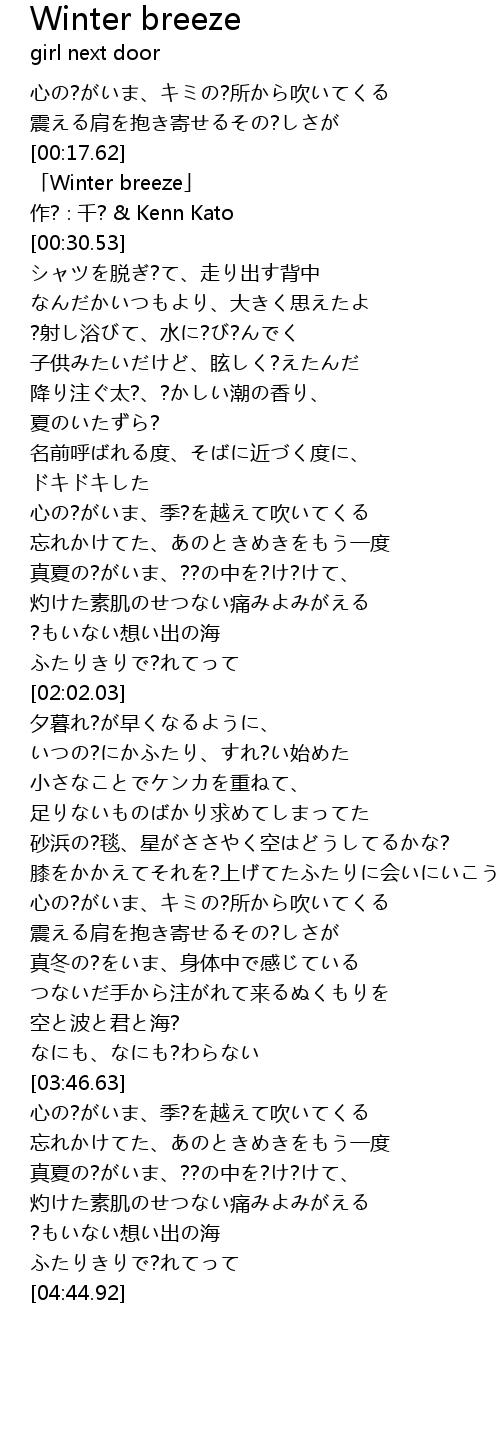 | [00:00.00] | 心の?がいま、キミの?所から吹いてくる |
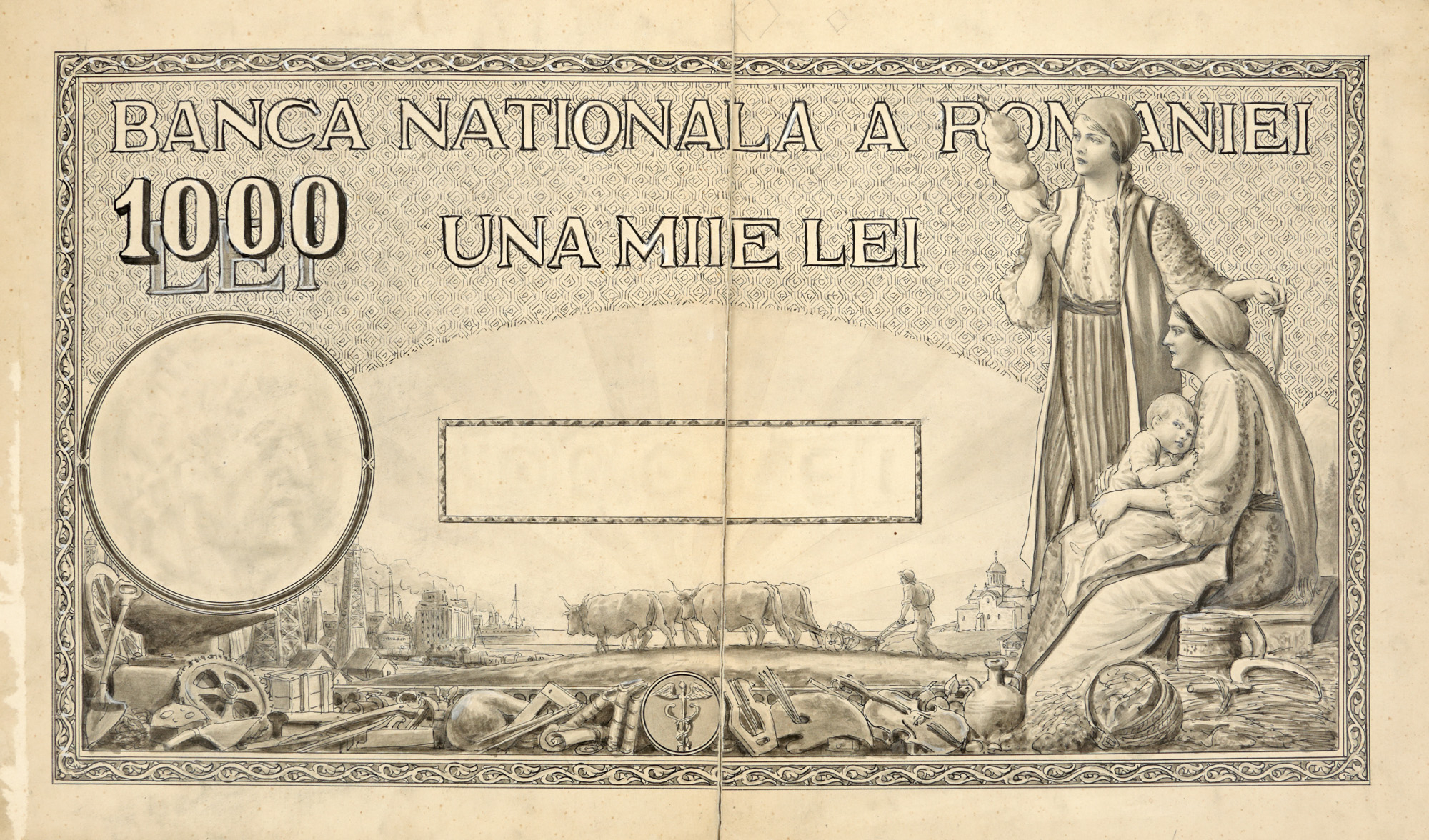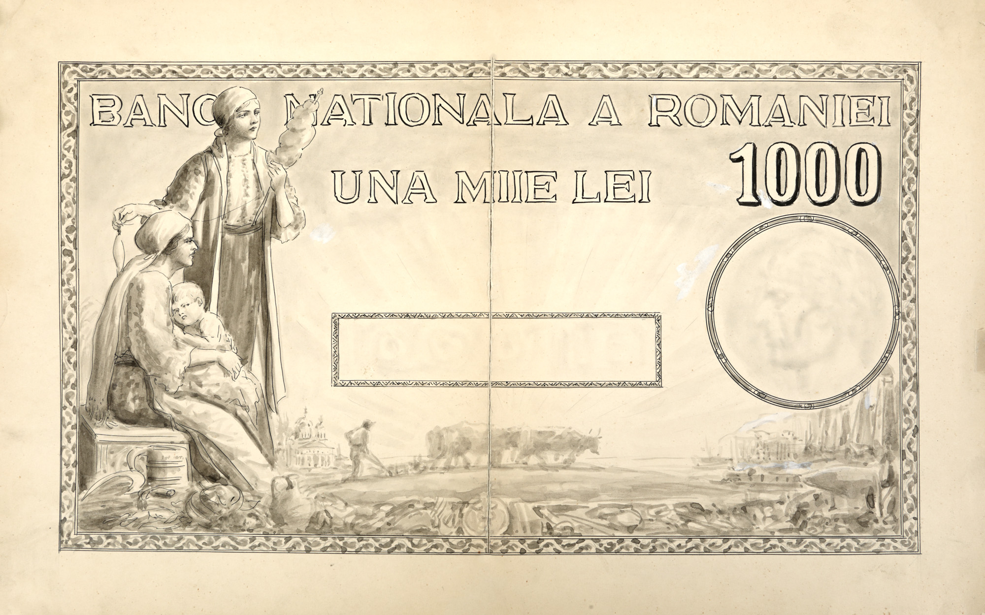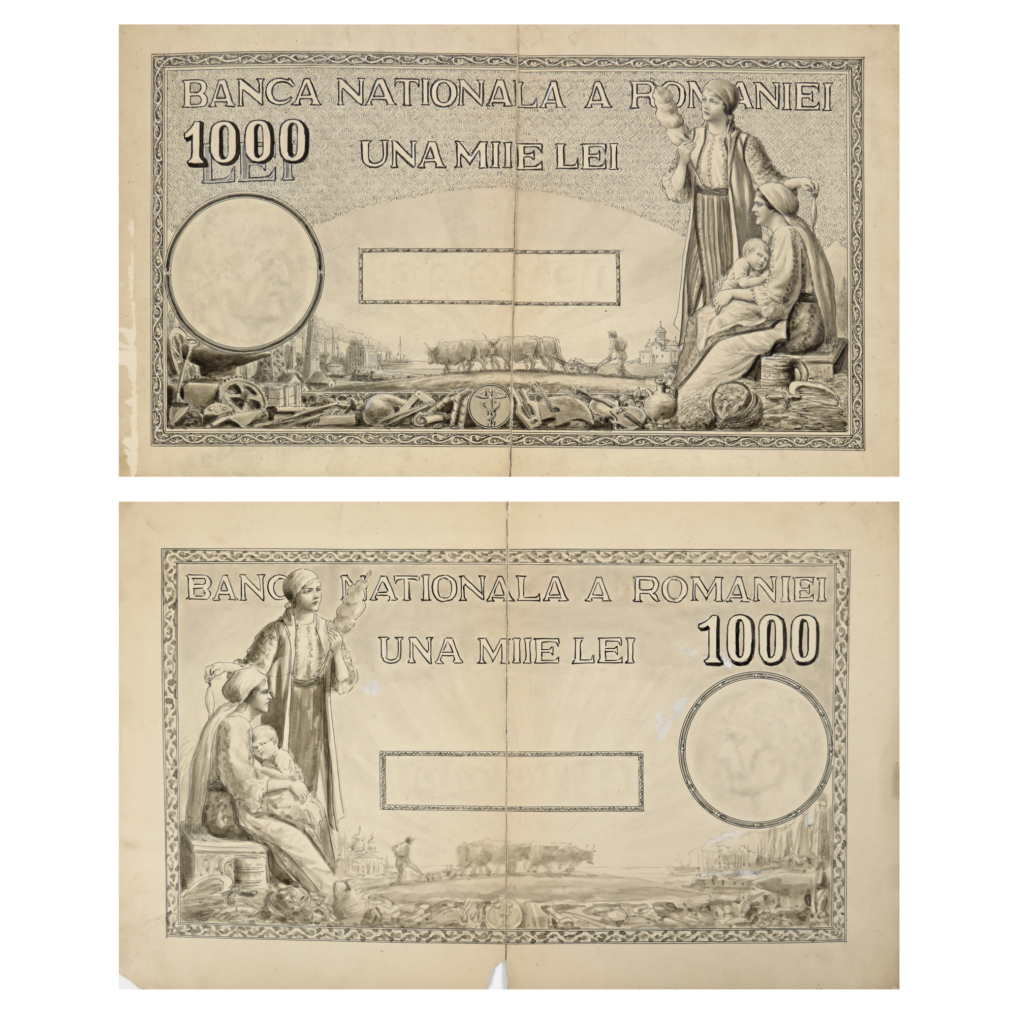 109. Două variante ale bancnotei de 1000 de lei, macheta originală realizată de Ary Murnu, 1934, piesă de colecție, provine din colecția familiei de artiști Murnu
**********
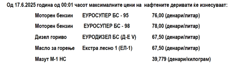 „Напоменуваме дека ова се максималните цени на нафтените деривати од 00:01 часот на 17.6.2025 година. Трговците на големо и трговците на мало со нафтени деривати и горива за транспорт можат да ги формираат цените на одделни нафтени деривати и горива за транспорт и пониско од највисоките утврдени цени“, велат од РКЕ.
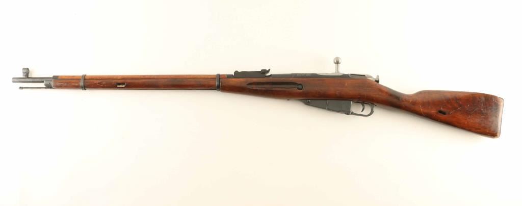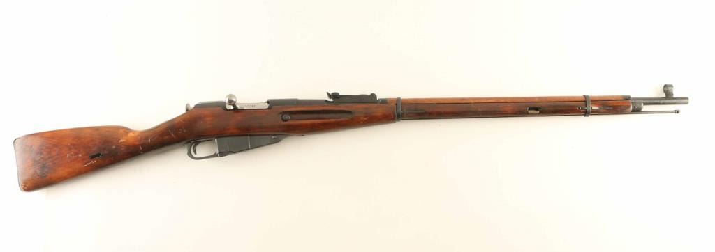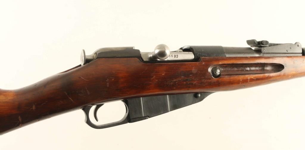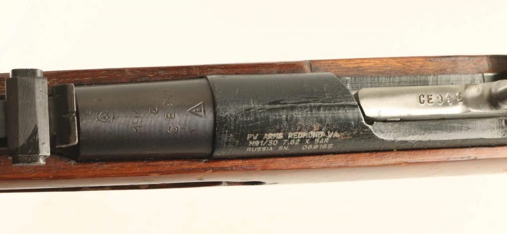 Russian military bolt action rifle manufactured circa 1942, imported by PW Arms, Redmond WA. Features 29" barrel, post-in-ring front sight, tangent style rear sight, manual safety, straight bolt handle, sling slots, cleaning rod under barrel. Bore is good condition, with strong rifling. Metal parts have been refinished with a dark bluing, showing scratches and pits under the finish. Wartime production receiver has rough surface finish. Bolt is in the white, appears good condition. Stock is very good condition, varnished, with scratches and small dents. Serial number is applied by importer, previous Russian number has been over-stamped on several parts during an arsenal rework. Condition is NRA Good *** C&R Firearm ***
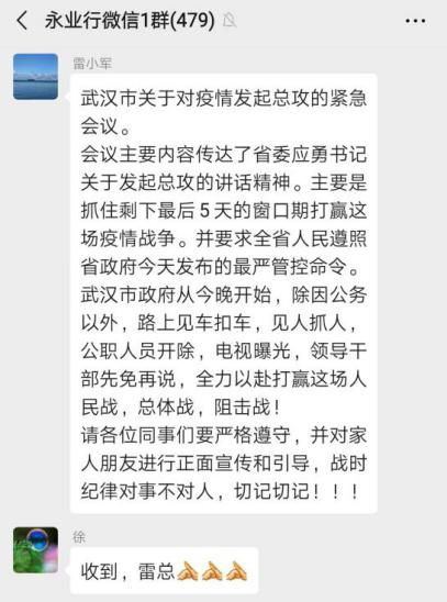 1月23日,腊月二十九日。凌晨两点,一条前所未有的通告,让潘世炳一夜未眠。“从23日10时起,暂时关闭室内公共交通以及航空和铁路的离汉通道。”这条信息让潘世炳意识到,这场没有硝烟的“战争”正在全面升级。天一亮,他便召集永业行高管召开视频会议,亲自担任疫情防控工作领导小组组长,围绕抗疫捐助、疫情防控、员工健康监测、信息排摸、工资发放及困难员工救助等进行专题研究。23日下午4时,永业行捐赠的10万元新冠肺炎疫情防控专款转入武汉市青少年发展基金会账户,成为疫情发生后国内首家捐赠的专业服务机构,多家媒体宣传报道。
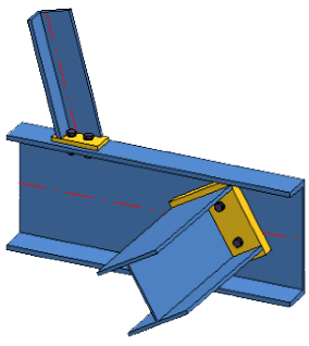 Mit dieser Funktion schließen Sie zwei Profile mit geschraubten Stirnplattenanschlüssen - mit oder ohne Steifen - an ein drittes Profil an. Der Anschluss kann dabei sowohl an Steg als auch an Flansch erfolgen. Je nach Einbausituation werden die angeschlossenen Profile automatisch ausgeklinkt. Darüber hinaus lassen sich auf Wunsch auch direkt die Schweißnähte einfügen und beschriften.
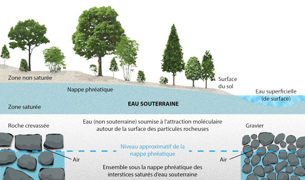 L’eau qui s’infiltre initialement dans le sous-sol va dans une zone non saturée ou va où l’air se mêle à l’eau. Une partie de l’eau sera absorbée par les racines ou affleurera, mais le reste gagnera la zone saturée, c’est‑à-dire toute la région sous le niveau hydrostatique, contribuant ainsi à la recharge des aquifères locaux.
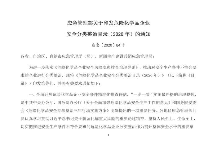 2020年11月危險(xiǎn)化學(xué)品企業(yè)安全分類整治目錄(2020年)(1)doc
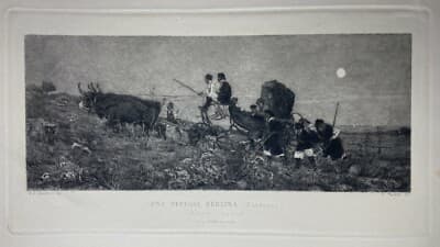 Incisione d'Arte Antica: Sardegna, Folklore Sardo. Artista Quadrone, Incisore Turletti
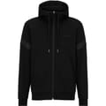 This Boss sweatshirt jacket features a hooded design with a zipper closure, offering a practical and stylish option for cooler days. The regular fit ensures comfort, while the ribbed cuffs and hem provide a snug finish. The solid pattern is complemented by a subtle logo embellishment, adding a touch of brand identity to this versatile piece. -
**********
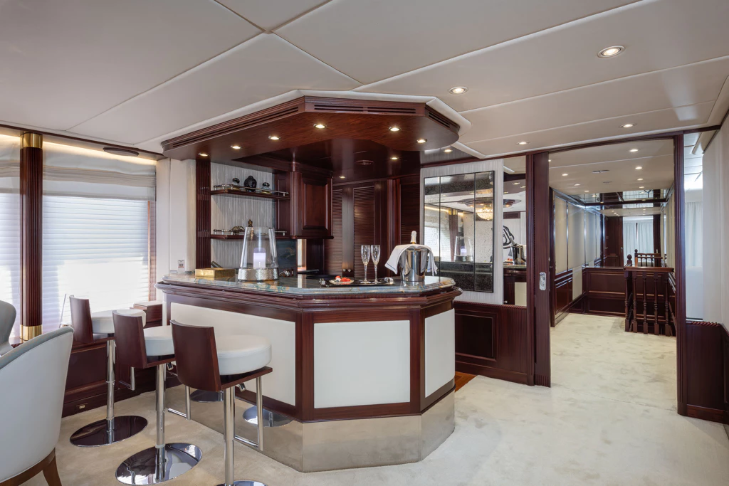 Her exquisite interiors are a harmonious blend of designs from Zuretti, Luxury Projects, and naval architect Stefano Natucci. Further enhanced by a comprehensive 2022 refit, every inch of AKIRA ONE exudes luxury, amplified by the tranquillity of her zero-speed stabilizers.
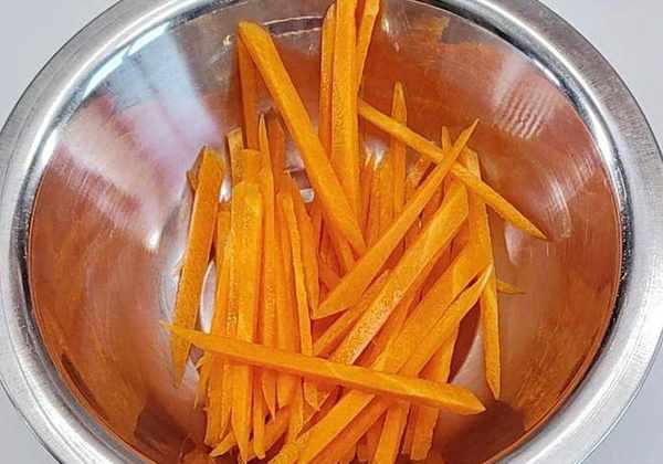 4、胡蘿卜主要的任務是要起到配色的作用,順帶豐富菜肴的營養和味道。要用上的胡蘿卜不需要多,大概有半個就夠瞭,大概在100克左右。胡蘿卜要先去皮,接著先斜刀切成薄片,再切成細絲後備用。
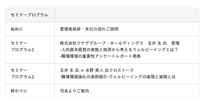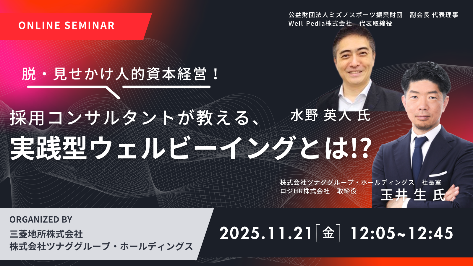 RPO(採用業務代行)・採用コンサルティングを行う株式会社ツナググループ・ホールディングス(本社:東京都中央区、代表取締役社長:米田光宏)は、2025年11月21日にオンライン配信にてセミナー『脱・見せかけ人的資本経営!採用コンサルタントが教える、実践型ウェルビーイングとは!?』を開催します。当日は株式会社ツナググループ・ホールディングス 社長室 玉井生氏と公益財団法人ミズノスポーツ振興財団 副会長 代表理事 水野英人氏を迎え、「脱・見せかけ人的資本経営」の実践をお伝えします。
**********
Activity:
Nothing but the lines above, starting at the line that contains "[00:00.00] | 心の?がいま、キミの?所から吹いてくる |" and ending at the line that contains "109. Două variante", should be given again, exactly and without the pictures.

Exercise response:
 | [00:00.00] | 心の?がいま、キミの?所から吹いてくる |
 109. Două variante ale bancnotei de 1000 de lei, macheta originală realizată de Ary Murnu, 1934, piesă de colecție, provine din colecția familiei de artiști Murnu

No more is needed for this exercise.